Tuesday, September 23

Flip your god-damn eyelid

First, I digress: Did you hear that Clay Aiken is gay? Is this news? I'm irritated that it's anyone's business but his; that he has to declare it on the cover of People magazine; and that it took him so long to share it with the world, like we didn't know already. Jeez, some of you people. If you all quit acting like being gay is a big deal, it will stop being a big deal!

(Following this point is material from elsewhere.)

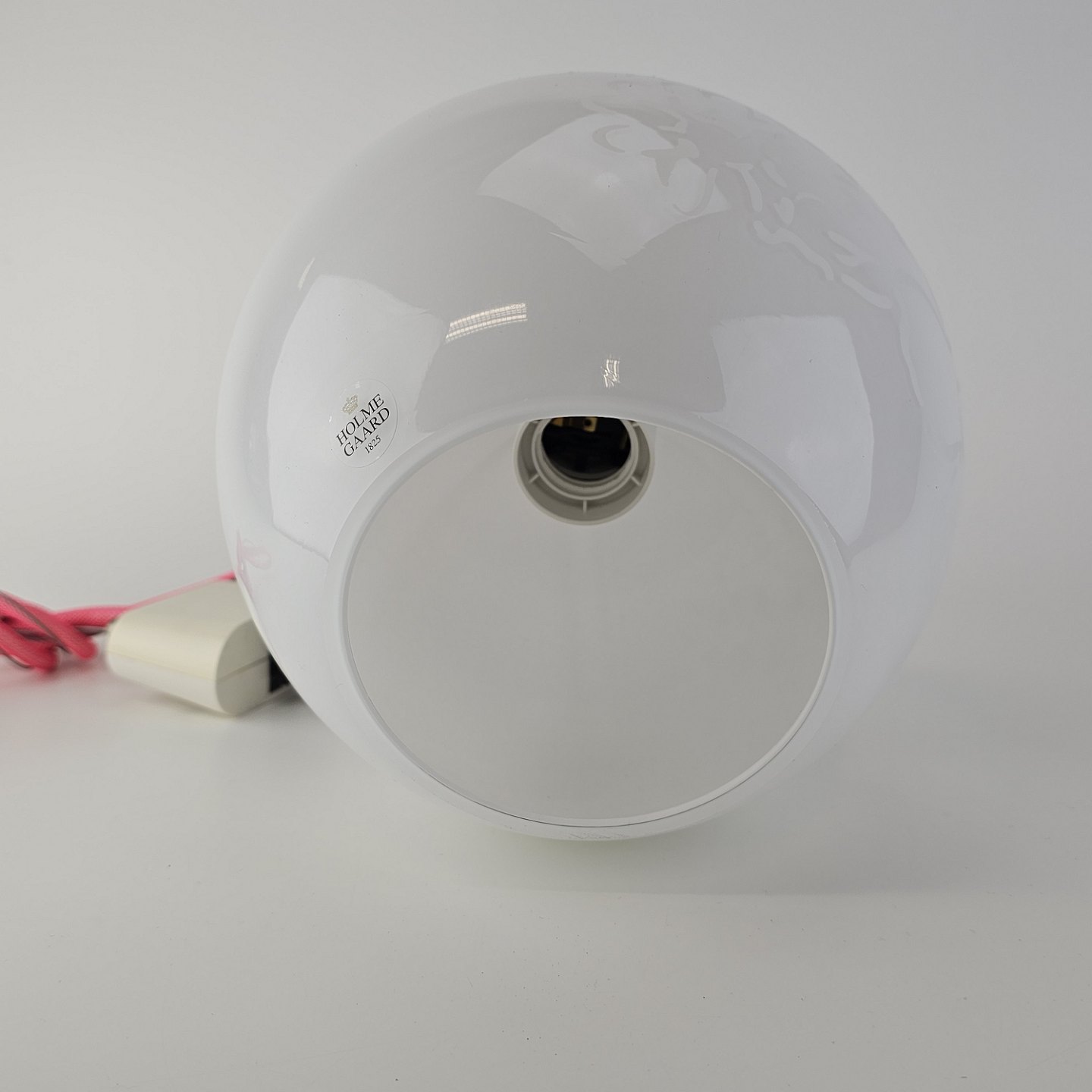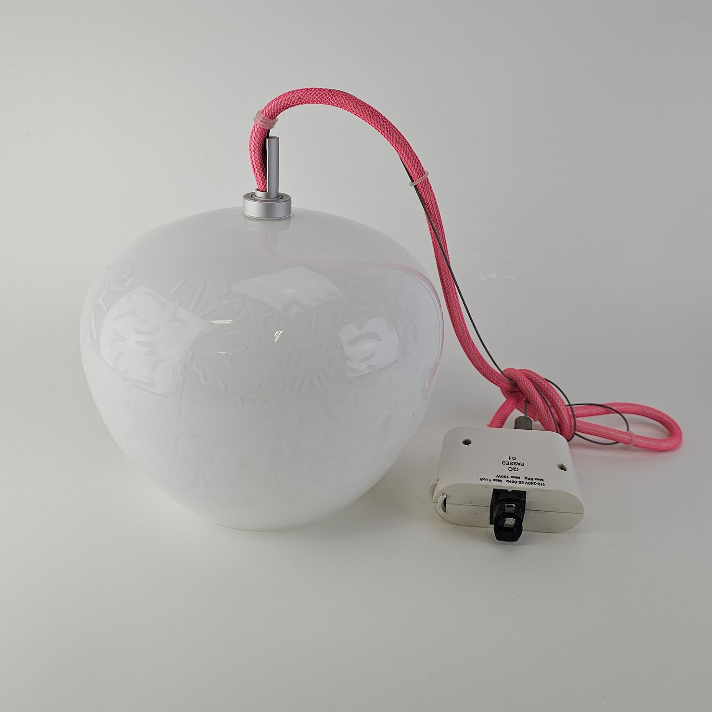 Pendel i hvidt mundblæst glas med blomstermotiver og monteret med lyserød ledningModel Organics
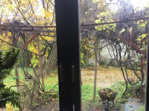 Het heeft geregend vannacht. De tuin en het land liggen er verstild bij, met druppels aan de bladeren, hier en daar een dwarrelend blad, grote druppels van de gesnoeide oude ranken van de druif. Gisterenmiddag zijn we ermee aan het stoeien geweest en hebben ons een weg geknipt door de wirwar van takken. Nu zijn er nog twee aan te pakken stukken over en daarna proberen we het leiden van de takken langs de zijkanten omdat de bovenkant van het prieel het echt wel heeft begeven. Nu de chaos weg is is er ook meer leven. Er fladderde zelfs een late atalanta rond, midden november.

Today, I took Daisy to the vet ... again ... for another random health issue ... again. Apparently, the third eyelid can flip back, leaving a very pink blobby-looking thing in the corner of a puppy's eye. Left untreated, the eyelid flip can cause permanent damage. Treated, it costs $84, and may have to be fixed with surgery. Grr. At any rate, we visited the vet again, and all is well. So you know, an eyelid flip can happen because of some trauma, such as running into something, getting hit by a toy or something, or after some vigorous rubbing and scratching. Who knows how Daisy managed it, but it's all better now ... and I feel like I should be on first-name basis with the vet.
Also, I watched last night's Terminator online tonight. This is the first time I've done that, and it proved to be a good, if a teensy-bit frustrating, experience. I dig the 32-second commercials though. The video went wonky once or twice, but a little pause-and-play action had it back on track. I had to watch it on Brian's computer though, as my iBook, for some reason, doesn't like video to run smoothly at all. That's the only bad thing you'll hear me say about my Apple.